Get high profile guys like Gary (Far Side) Larson or the guy who did Calvin and Hobbes to do a graphic novel. They have guaranteed bestseller potential and would lure in new readers familiar with their strip work. Hell, get Stephen King to write one. He can do it over a three day weekend. Give him all the damn profits and write it off as promotion.

Above all, do SOMETHING. This situation isn't going to turn itself around. I want to cry when I see the sales figures that are considered successful today. THE NAIL should have sold like WATCHMEN did when it came out. And there were about as many comics shops then as there are now. Somebody's gotta make a move and take a few risks.

Warners treats its comic book division like a ghetto. In fact all owners of comic book companies, without exception, treat their holdings like that even if they do generate hundreds of millions a year in merchandising."

Chuck Dixon, writer

I think the basic challenge is getting kids into reading comics. This will be the thrust of my report. However, this is not a universally-accepted theory. There are all types of people in this world, and I have read statements to the effect that the solution to the comics industry's woes lie elsewhere.

The theory goes that comic books should try to emulate Japan, where grown men read comics in great numbers because they take comics seriously as an art form. (I won't go into how degrading and violent a lot of it is, although that's certainly something to bring up in a more lengthy discussion of the Japanese market.) Comic books should go the way of the dodo, replaced by graphic novels which cost $20+ and are sold amongst the regular books at the local B. Dalton and Barnes and Noble. As for content, forget superheroes, cowboys, soldiers, space rangers and other noble characters; instead, focus on "realistic, 3-dimensional characters" like drug addicts, hired killers, hookers and foul-mouthed ministers.

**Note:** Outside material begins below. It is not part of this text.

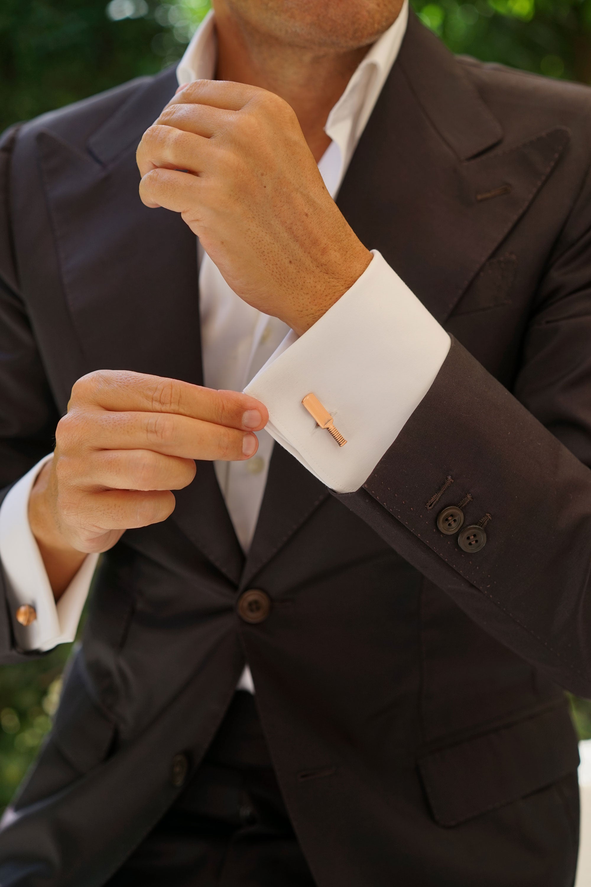Mixing and matching cufflinks is a fashion-forward move that works across various occasions, straddling the line between formal elegance and casual flair with ease. This approach to accessorizing not only showcases an individual's creative edge but also serves as a standout detail in both high-stakes social gatherings and everyday office scenarios. Opting for mismatched cufflinks can elevate your ensemble, making it notably more engaging, especially when aiming to echo the sophistication of a wedding outfit or inject a refreshing dynamism into standard business wear. The choice to diverge from conventional matching adds a layer of personal expression and can become the spark for engaging conversations, marking you as someone with a keen eye for distinctive style nuances.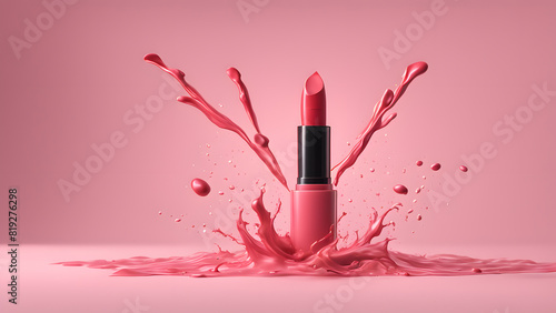 a lipstick with pink liquid splashing on it for beauty makeup concept

Which is, of course, poppycock. I'll use even stronger language: bullpoppycock. You're welcome to pursue such things if it's what trips your trigger, but it's not going to save the comic industry (or make the world a better place, In My Humble Opinion). I tried to be sarcastic in the previous paragraph, but the fact is you'll find many people who believe every word of what I said. You don't find them amongst the readers of JLA, Ambush Bug and Legion; more often, they're devout readers of Vertigo titles, Spawn, Vampirella, Lady Death and any other comic where a woman with 44DDs wears a piece of yarn for a costume. I don't mean to demean readers of those comics as a whole, as a person with diverse tastes can certainly enjoy the more adult comics on the market; however, I've run into many a hardcore devotee of such works who would, if it were up to them, reshape the comic world to be an (unintentionally) hostile one for kids.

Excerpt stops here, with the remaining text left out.